> **Task objective**:
Give back exactly the lines from the start of the entries below to the line holding "이번에 답사기를 쓸 하천은 부산 해운대구에 있는 재송천입니다.", that line included, and leave every picture out.

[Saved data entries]

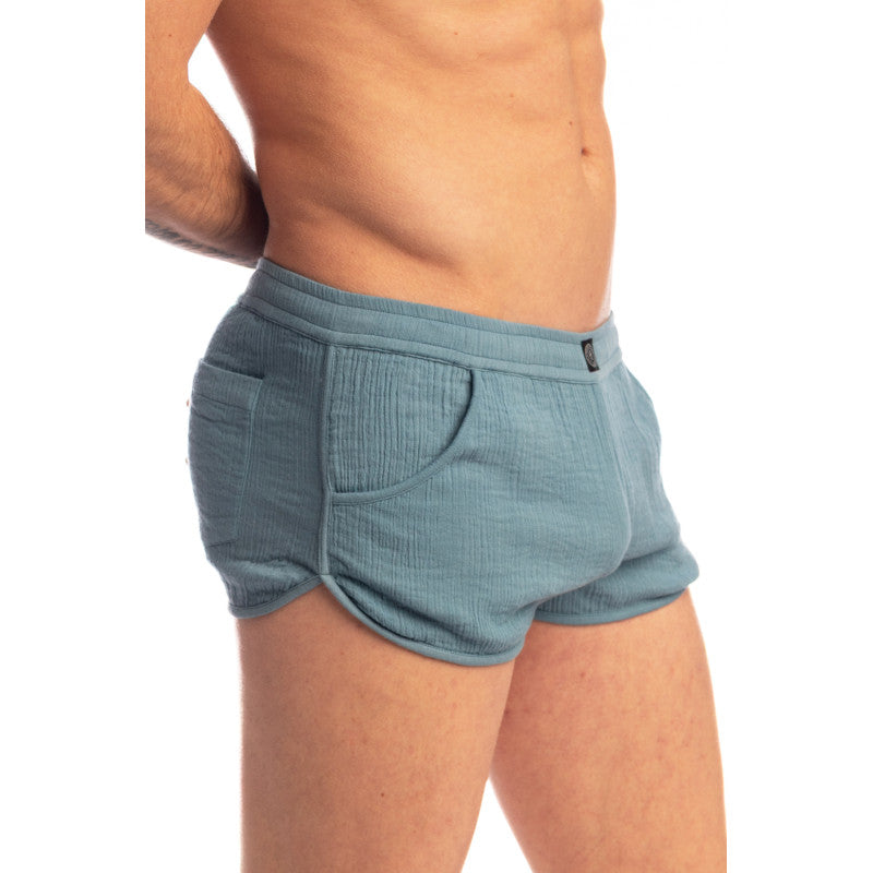Inspired by vintage summer silhouettes, these men's short shorts in double cotton gauze combine absolute comfort and casual seduction . With their rounded edges and short cut, they reveal just the right amount of leg for a confident look, while remaining fluid and lightweight.
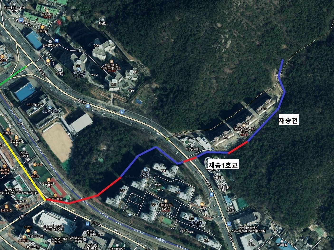이번에 답사기를 쓸 하천은 부산 해운대구에 있는 재송천입니다.
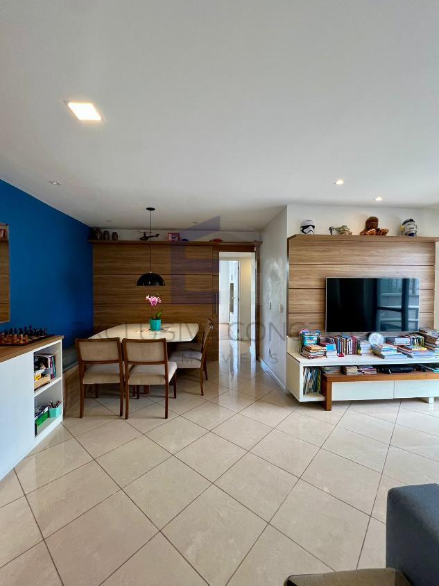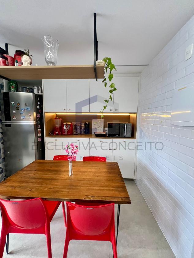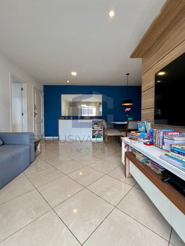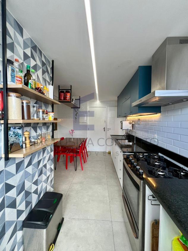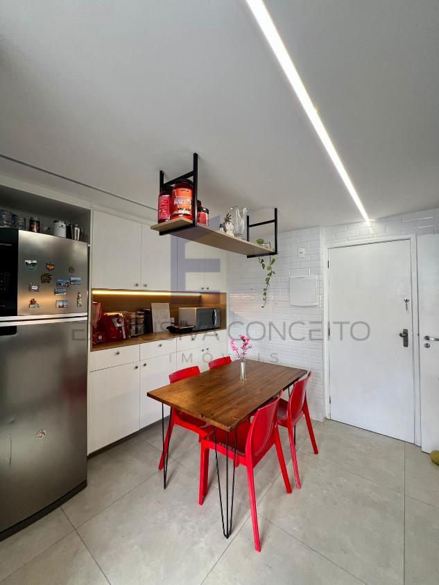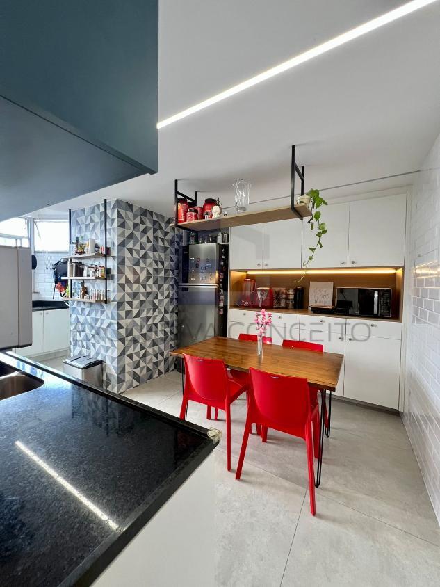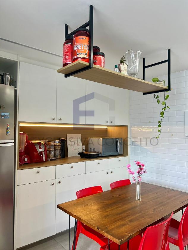 A sala é ampla, com dois ambientes bem definidos, ideal para quem aprecia boas experiências de convivência. A cozinha, moderna e funcional, é integrada de forma inteligente à área de serviço independente.
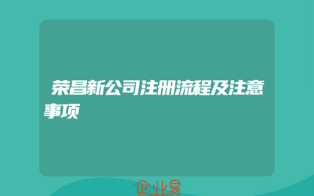 - 荣昌注册新公司全流程及注意事项,用户最关心的问题都在这里!在现代社会中,创业已经成为了许多人的追求。而在创业的过程中,注册新公司是一个非常重要的环节。本文将为您详细介绍荣昌注册新公司的全流程及注意事项,帮助您顺利完成公司注册。一、前期准备1
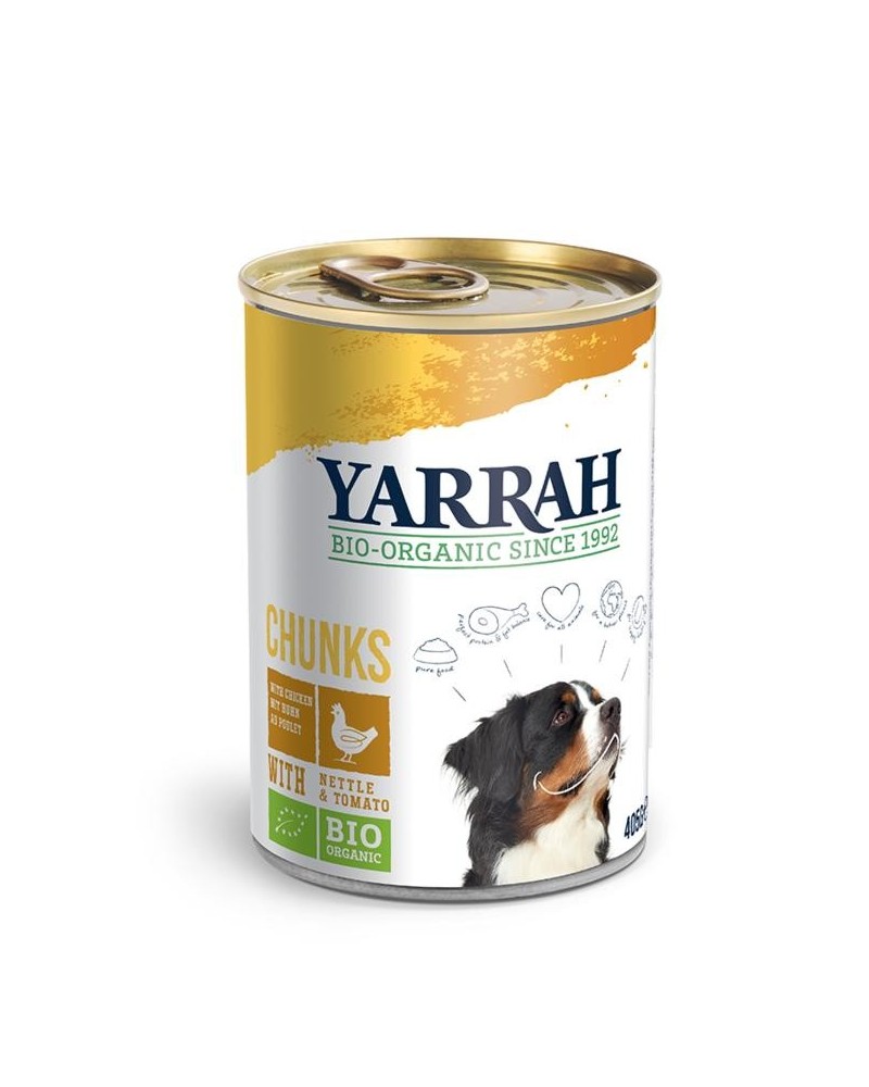 Smakelijke chunks met biologische kip, aangevuld met biologisch gecertificeerde brandnetel en tomaat. Het biologische natvoer vormt een complete, voedzame en zeer smakelijke maaltijd voor je hond. Zuiver biologisch voer en dus zonder toegevoegde chemische geur-, kleur- en smaakstoffen, pesticiden en GMO, waarbij de best opneembare eiwitten zijn geselecteerd. Zo krijgt je hond precies binnen wat hij nodig heeft.
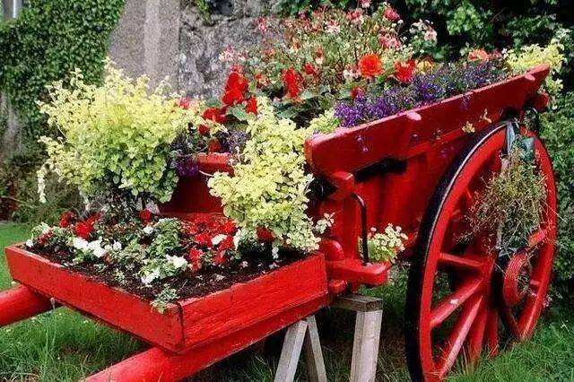 当然,为了保证植物的存活,小编建议还是一盆一盆放进去比较好,毕竟直接在车斗里铺土种植,花儿能不能保证存活还不一定呢。
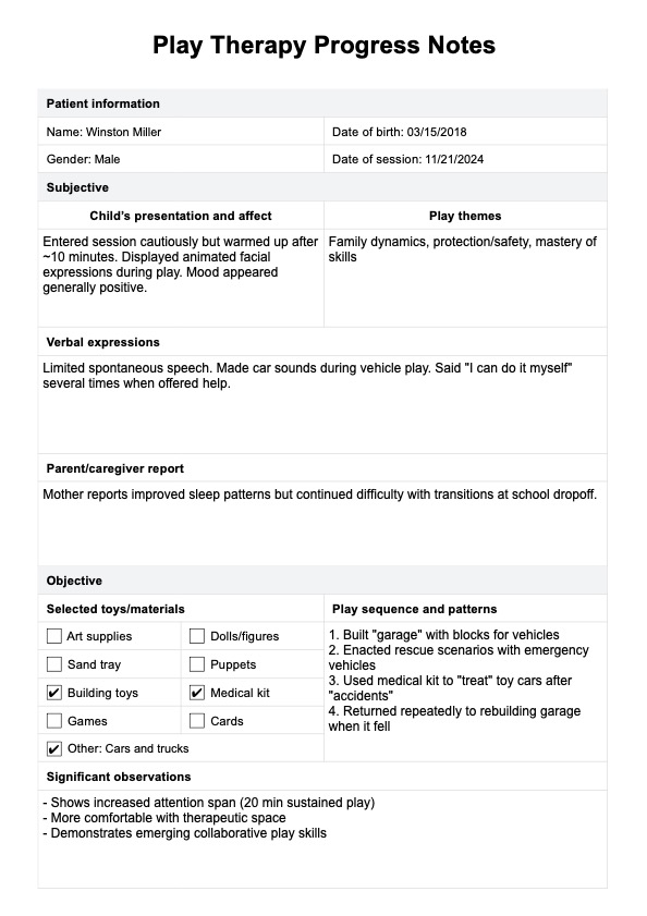 To write a play therapy session note, begin by documenting basic information, such as the session's date, time, and duration. Describe the activities engaged in during the session, noting the child's behavior, emotional responses, and any significant interactions or themes that emerged. Highlight any progress towards therapeutic goals and any concerns that need to be addressed in future sessions. Finally, summarize your observations and reflections on the session, ensuring confidentiality and professionalism.
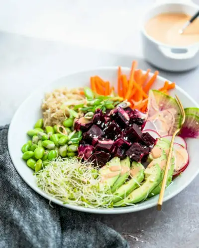 Quer comer uma receita de jantar vegano e tem suas poke bowls também? Essas populares refeições saudáveis estão na moda. Poke é uma especialidade havaiana, normalmente feita com atum ahi cru, marinado e servido com muitos vegetais e molhos saborosos. E se você não comer peixe? Nós temos um à base de plantas alimentícias integrais (WFPB) versão para você: poke bowls veganos! Essas tigelas saborosas estão repletas de sabor e têm um ingrediente incomum que surpreendentemente dá a mesma textura e sabor do poke.
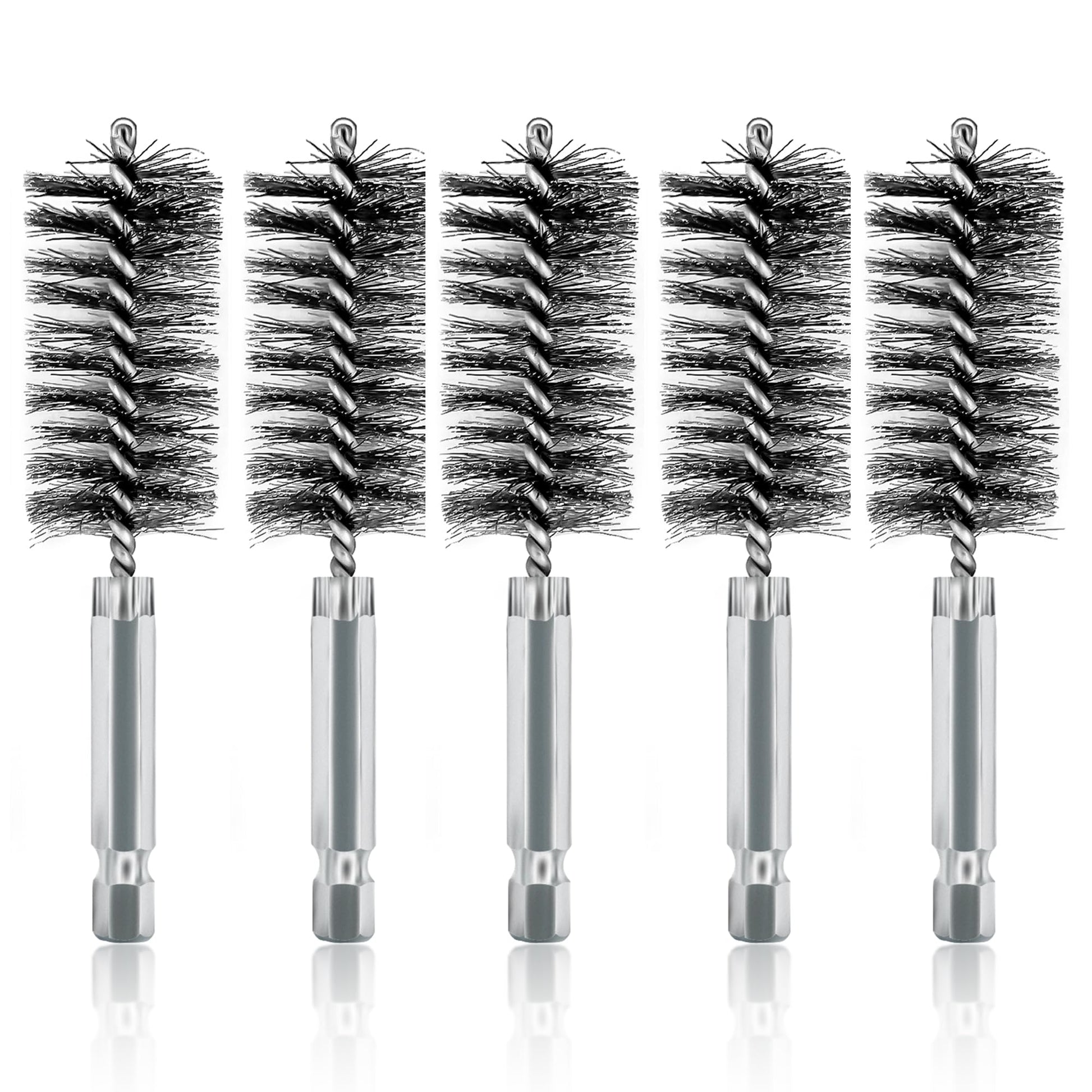 - [Package Included] You will get 5 pcs stainless steel bore brushes. The diameter of round brushes is about 1"(25mm) with 1/4 inch hex shank. The total length is 4inch. It is suitable to replace traditional bore brush.

> **Task solution**:
Inspired by vintage summer silhouettes, these men's short shorts in double cotton gauze combine absolute comfort and casual seduction . With their rounded edges and short cut, they reveal just the right amount of leg for a confident look, while remaining fluid and lightweight.
이번에 답사기를 쓸 하천은 부산 해운대구에 있는 재송천입니다.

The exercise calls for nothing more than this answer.